### TASK TO CARRY OUT
If you see a picture in the data below, omit it and copy the rest exactly.

### INFORMATION PROVIDED
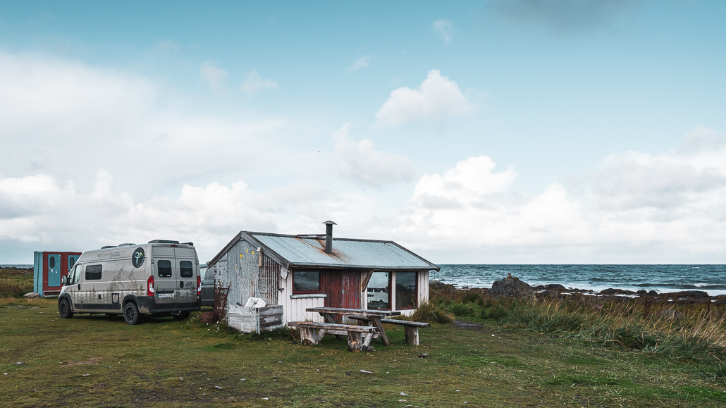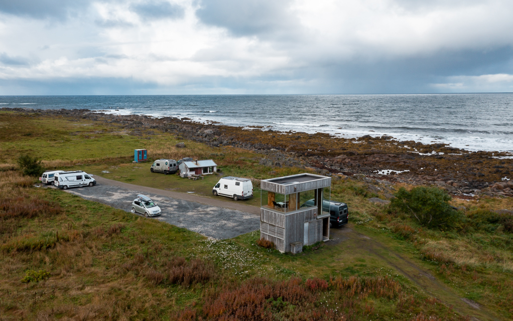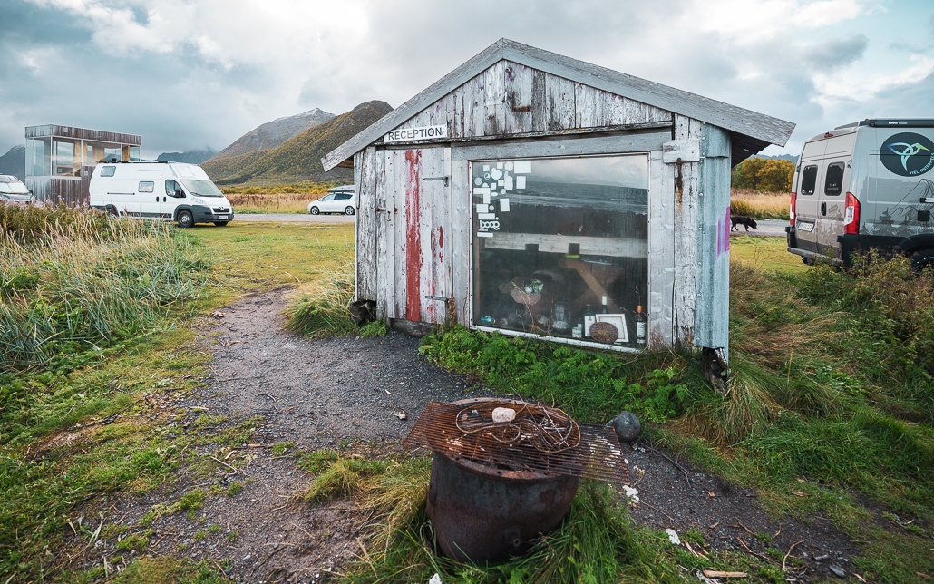 - Kostenloser Stellplatz für Camper: Rolfs Bar (oder einfach Grunnfør Bicycle Shelter bei Google Maps eingeben). Die letzten Meter sind mit Schlaglöchern übersät. Nach viel Regen außerdem sehr matschig. Aber alles super befahrbar, nur eben langsam.
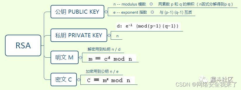 RSA是一种非对称加密算法,它由 公钥(n/e),私钥(n/d),明文M和密文C组成。我们做CTF题目时,一般题目中会给出公钥和密文让我们推出对应的私钥或者明文。RSA的相关公式都写在上面脑图中,在正式讲解RSA加密算法前我们先来普及一波数学的基本知识。
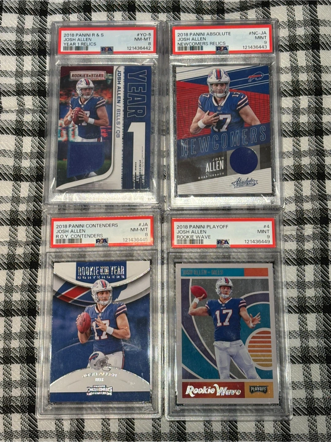 Selling a set of 2018 Panini Josh Allen football cards. Includes R&S Year 1 Relics, Absolute Newcomers Relics, Contenders R.O.Y. Contenders, and Playoff Rookie Wave cards. All cards are graded and in mint condition!

### YOUR SOLUTION
 - Kostenloser Stellplatz für Camper: Rolfs Bar (oder einfach Grunnfør Bicycle Shelter bei Google Maps eingeben). Die letzten Meter sind mit Schlaglöchern übersät. Nach viel Regen außerdem sehr matschig. Aber alles super befahrbar, nur eben langsam.
 RSA是一种非对称加密算法,它由 公钥(n/e),私钥(n/d),明文M和密文C组成。我们做CTF题目时,一般题目中会给出公钥和密文让我们推出对应的私钥或者明文。RSA的相关公式都写在上面脑图中,在正式讲解RSA加密算法前我们先来普及一波数学的基本知识。
 Selling a set of 2018 Panini Josh Allen football cards. Includes R&S Year 1 Relics, Absolute Newcomers Relics, Contenders R.O.Y. Contenders, and Playoff Rookie Wave cards. All cards are graded and in mint condition!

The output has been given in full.